* _Provided data_
▬▬▬▬▬▬▬▬▬▬
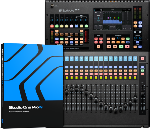 StudioLive® SE 16 is a compact, tour-friendly, rack-mountable digital mixer that can be quickly and easily scaled for both installed and mobile applications. It delivers extensive mixing capabilities, studio-grade audio quality, flexible bus configuration, and advanced integrated recording capabilities – plus a full suite of powerful software featuring Studio One Pro.
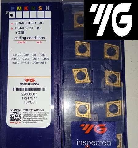 - YG801 (Grade): Merupakan grade universal dengan lapisan PVD (Physical Vapor Deposition) yang sangat tangguh untuk pemesinan baja (steel), baja tahan karat (stainless steel), dan besi cor (cast iron).
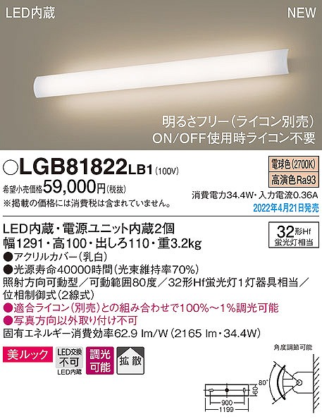 LGB81822LB1 パナソニック ユニバーサルブラケット LED 電球色 調光 拡散
▬▬▬▬▬▬▬▬▬▬
* _Exercise instructions_
Give the data above again in full and unchanged, skipping the pictures.

* _Result_
 StudioLive® SE 16 is a compact, tour-friendly, rack-mountable digital mixer that can be quickly and easily scaled for both installed and mobile applications. It delivers extensive mixing capabilities, studio-grade audio quality, flexible bus configuration, and advanced integrated recording capabilities – plus a full suite of powerful software featuring Studio One Pro.
 - YG801 (Grade): Merupakan grade universal dengan lapisan PVD (Physical Vapor Deposition) yang sangat tangguh untuk pemesinan baja (steel), baja tahan karat (stainless steel), dan besi cor (cast iron).
 LGB81822LB1 パナソニック ユニバーサルブラケット LED 電球色 調光 拡散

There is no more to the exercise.